Semaglutide 2.4 mg once weekly (Wegovy) has been recently recommended by NICE for overweight and obesity in people with at least one weight-related comorbidity up to a maximum duration of 2 years, again within the context of a specialist weight management service (NICE, 2022; NICE, 2023a).
Practicalities of GLP-1 receptor agonist administration
GLP-1 RAs are polypeptides and, thus, the administration route developed was that of subcutaneous injection. Changes in molecular structure to extend half-life have enabled once-weekly preparations to become available (Nauck et al, 2021).
Gastrointestinal symptoms (nausea, vomiting and diarrhoea) are relatively common with GLP-1 RAs (Bettge et al, 2017). Side effects are most pronounced on commencing therapy and tend to gradually resolve with time. They may be minimised by gradual up-titration of dose. Contraindications (which vary slightly between EU and US labels) and reasons to avoid GLP-1 RAs are summarised in Box 1 (Morris, 2020). For people with significant diabetic retinopathy, caution should be exercised in the use of semaglutide, following the finding of worsening retinopathy in the SUSTAIN-6 trial (Marso et al, 2016a). However, rapid reduction of HbA1c does not appear to be associated with progression of mild or moderate non-proliferative retinopathy (Simó et al, 2023). The GLP-1 RAs are a significantly more expensive item than other medications for T2D.
Oral GLP-1 receptor agonists
A further remarkable development has been that of an orally administered GLP-1 RA (Pratley et al, 2019). Conventional wisdom would argue against the feasibility of an oral polypeptide being absorbed intact into the blood stream.
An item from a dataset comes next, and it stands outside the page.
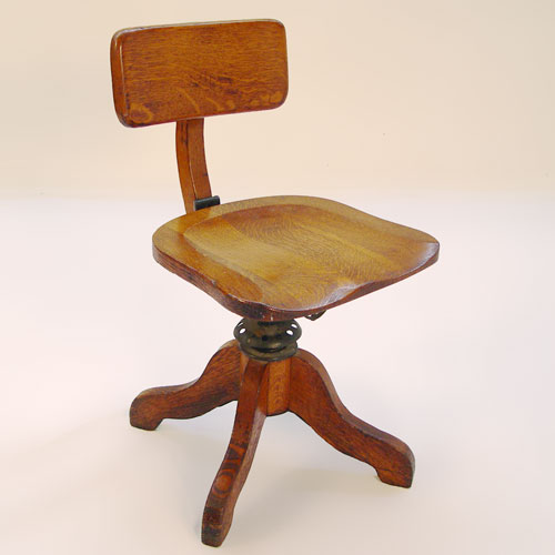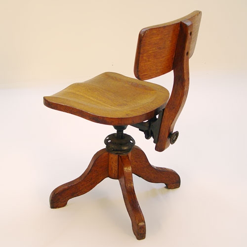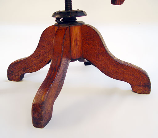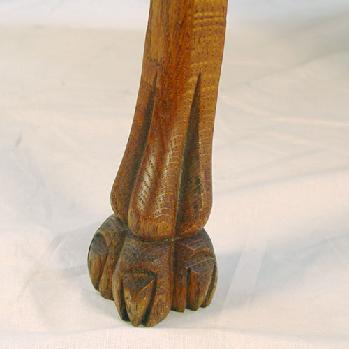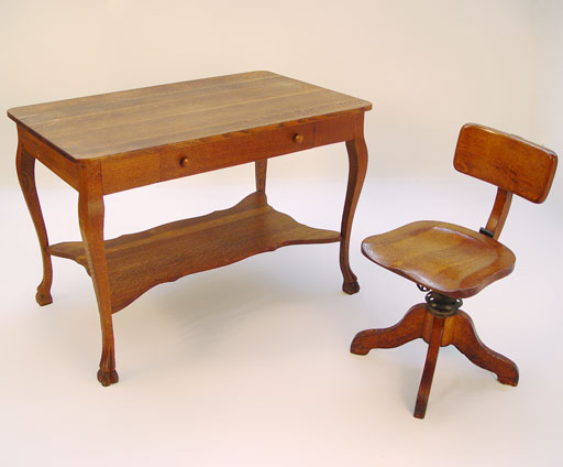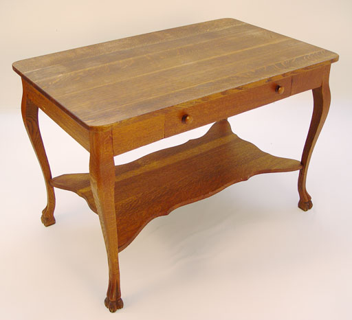 TIGER OAK LIBRARY TABLE: Single drawer, claw feet, sold with oak swivel office chair. Table measures 42'' x 26'', 29''h.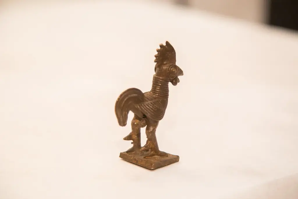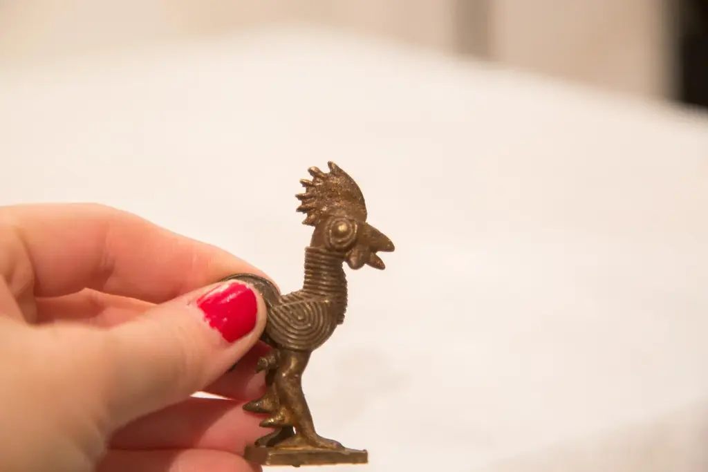 :: Vintage handmade bronze sculpture of a rooster with dark iron-like patina, and what appears to be some kind of armor, and its feet on a platform. Circa mid 20th century and possibly older, this piece has such incredible handmade charm and no two are identical. As this item is in vintage condition, it may show signs of age and use. Ashanti gold weights are also named Mbramoo and this may be an example of an Ashanti gold weight, used in the measuring of gold and gold dust. Create a scene of wildlife with many of our vintage African animal sculptures or add just one to the shelf, these are beautiful collectibles that you or someone you love will cherish forever. Kindly note the item photographed may not necessarily be an identical to that which you receive. This listing is for a one of a kind handmade item, however, we do have multiples which are being sold under one parent listing. Minor and subtle differences may apply to the finish, dimensions, slight imperfections, and in some cases a male or female being substituted interchangeably.

However, oral semaglutide, up to an approved dose of 14 mg once daily, is licensed for glucose-lowering in T2D. It is co-administered with salcaprozate sodium (SNAC), an intestinal permeation enhancer that facilitates rapid absorption of semaglutide across the gut wall, enabling a small but reproducible amount of active drug to enter the circulation, provided dosing instructions are followed carefully (Pearson et al, 2019). The CVOT with oral semaglutide is ongoing.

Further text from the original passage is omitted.